[Supplied information — start]
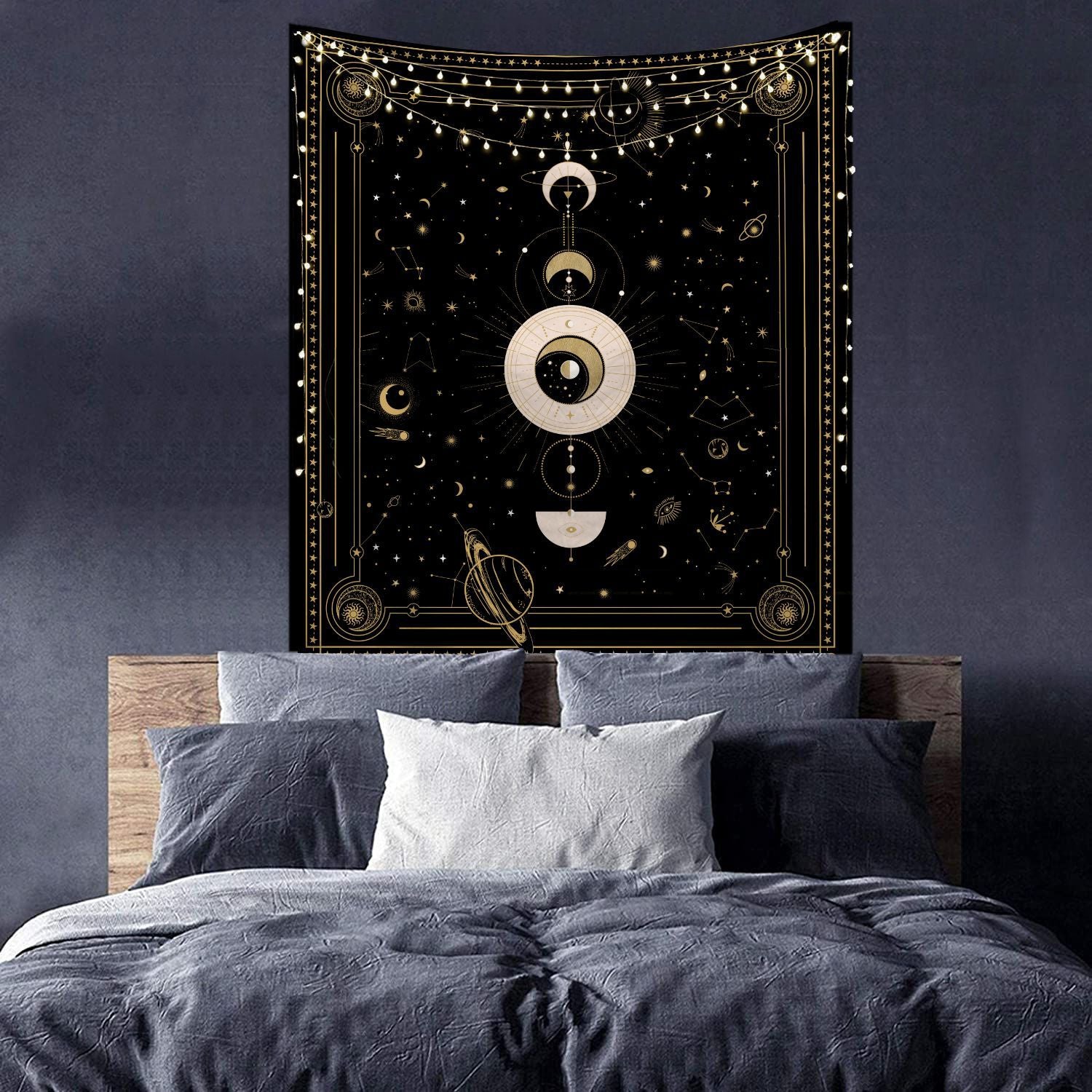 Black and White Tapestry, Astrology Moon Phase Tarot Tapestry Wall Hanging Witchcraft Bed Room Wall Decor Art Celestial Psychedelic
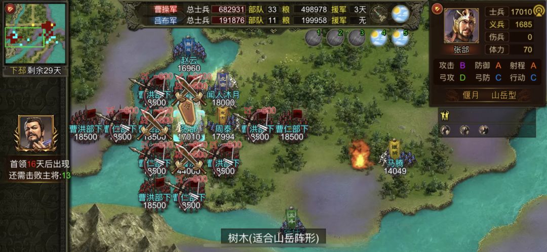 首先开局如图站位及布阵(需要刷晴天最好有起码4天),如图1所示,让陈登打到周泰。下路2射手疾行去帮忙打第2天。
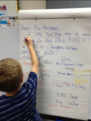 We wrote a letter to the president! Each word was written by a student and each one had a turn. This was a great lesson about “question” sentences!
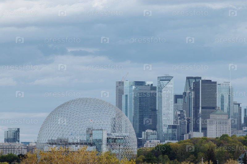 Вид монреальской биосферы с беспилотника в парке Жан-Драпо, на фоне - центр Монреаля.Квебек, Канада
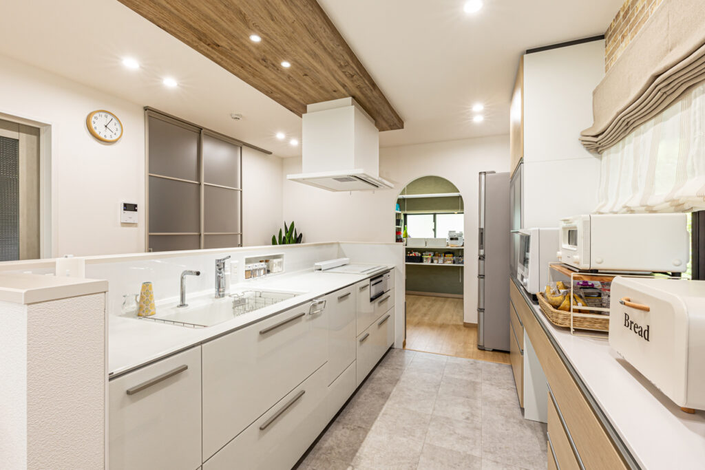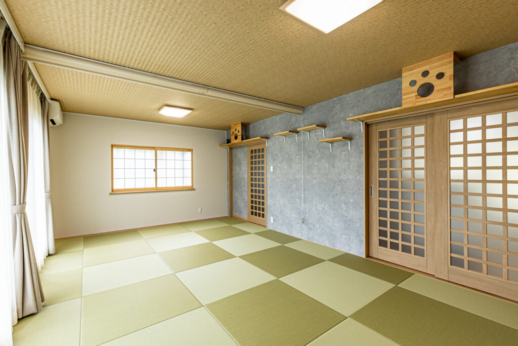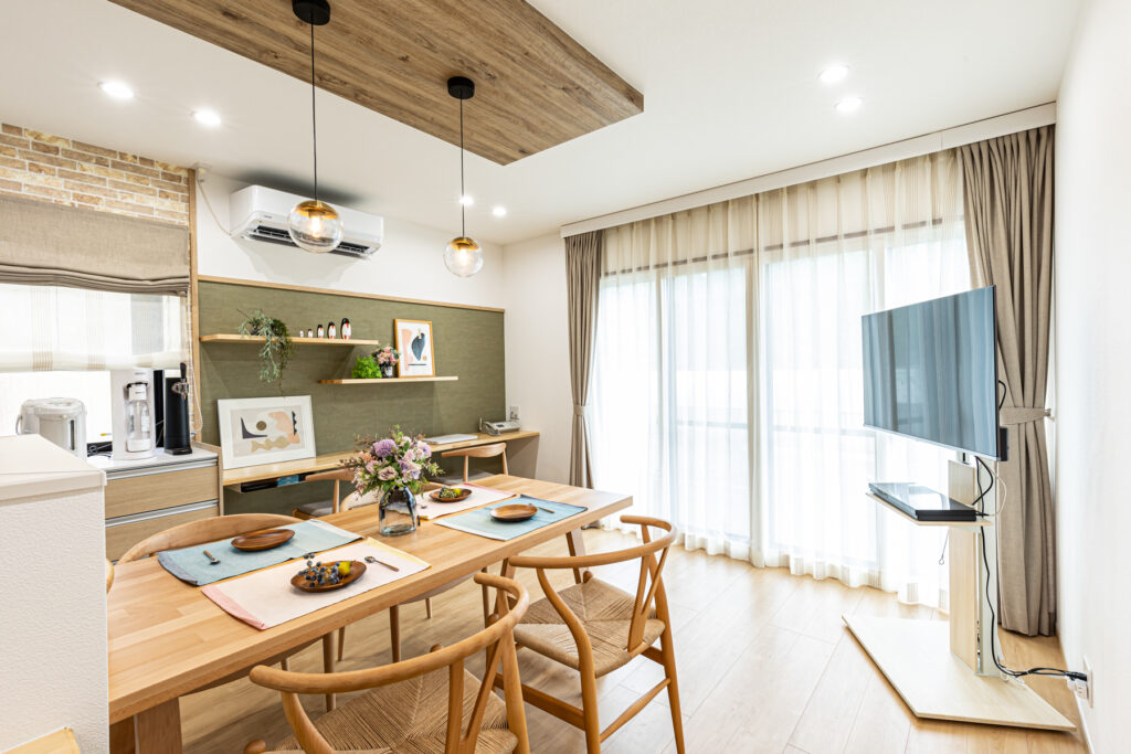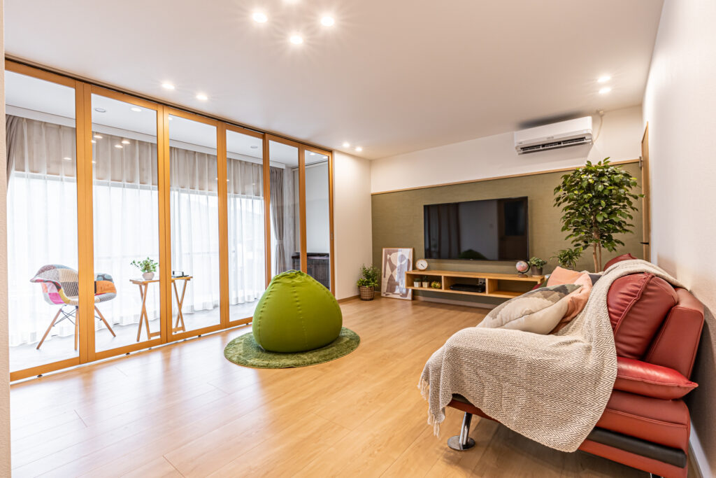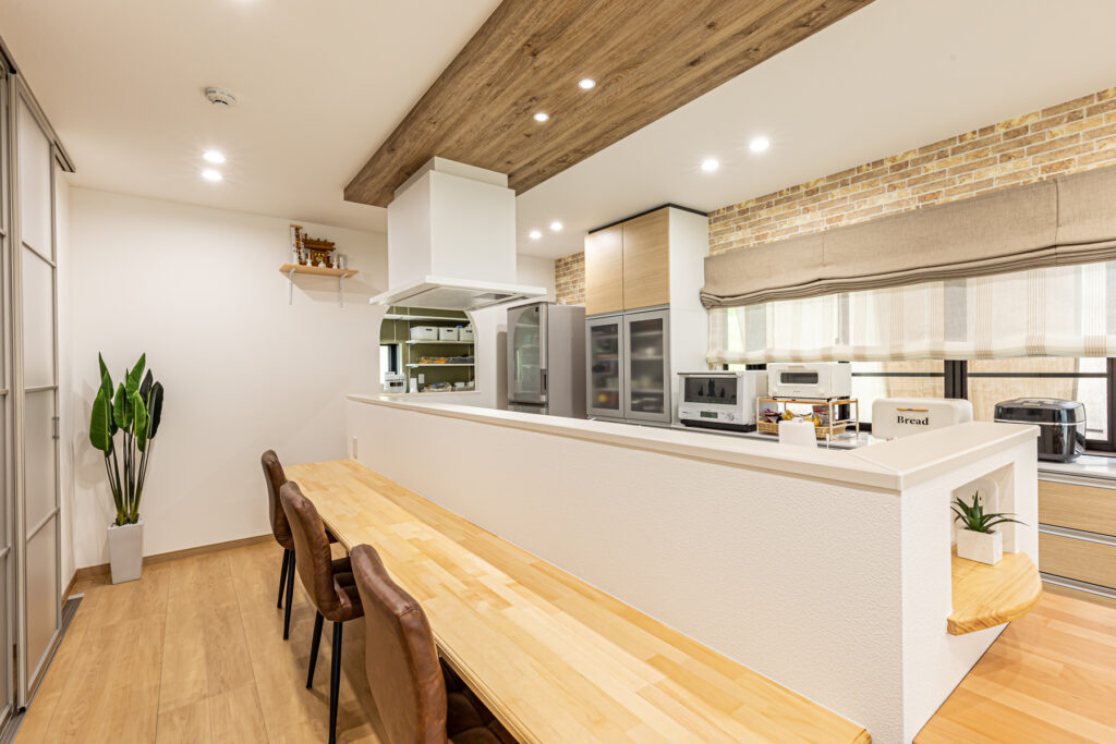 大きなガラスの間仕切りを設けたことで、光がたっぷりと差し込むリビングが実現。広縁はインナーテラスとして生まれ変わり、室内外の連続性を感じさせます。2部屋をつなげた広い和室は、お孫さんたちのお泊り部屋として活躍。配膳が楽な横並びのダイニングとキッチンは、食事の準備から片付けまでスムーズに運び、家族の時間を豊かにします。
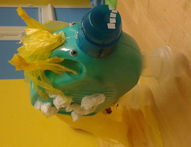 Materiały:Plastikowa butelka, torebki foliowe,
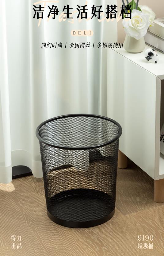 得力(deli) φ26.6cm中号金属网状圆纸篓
[Supplied information — finish]
#### Work request
Give every record again without changing a word. Exclude the pictures.

#### Finished exercise
 Black and White Tapestry, Astrology Moon Phase Tarot Tapestry Wall Hanging Witchcraft Bed Room Wall Decor Art Celestial Psychedelic
 首先开局如图站位及布阵(需要刷晴天最好有起码4天),如图1所示,让陈登打到周泰。下路2射手疾行去帮忙打第2天。
 We wrote a letter to the president! Each word was written by a student and each one had a turn. This was a great lesson about “question” sentences!
 Вид монреальской биосферы с беспилотника в парке Жан-Драпо, на фоне - центр Монреаля.Квебек, Канада
 大きなガラスの間仕切りを設けたことで、光がたっぷりと差し込むリビングが実現。広縁はインナーテラスとして生まれ変わり、室内外の連続性を感じさせます。2部屋をつなげた広い和室は、お孫さんたちのお泊り部屋として活躍。配膳が楽な横並びのダイニングとキッチンは、食事の準備から片付けまでスムーズに運び、家族の時間を豊かにします。
 Materiały:Plastikowa butelka, torebki foliowe,
 得力(deli) φ26.6cm中号金属网状圆纸篓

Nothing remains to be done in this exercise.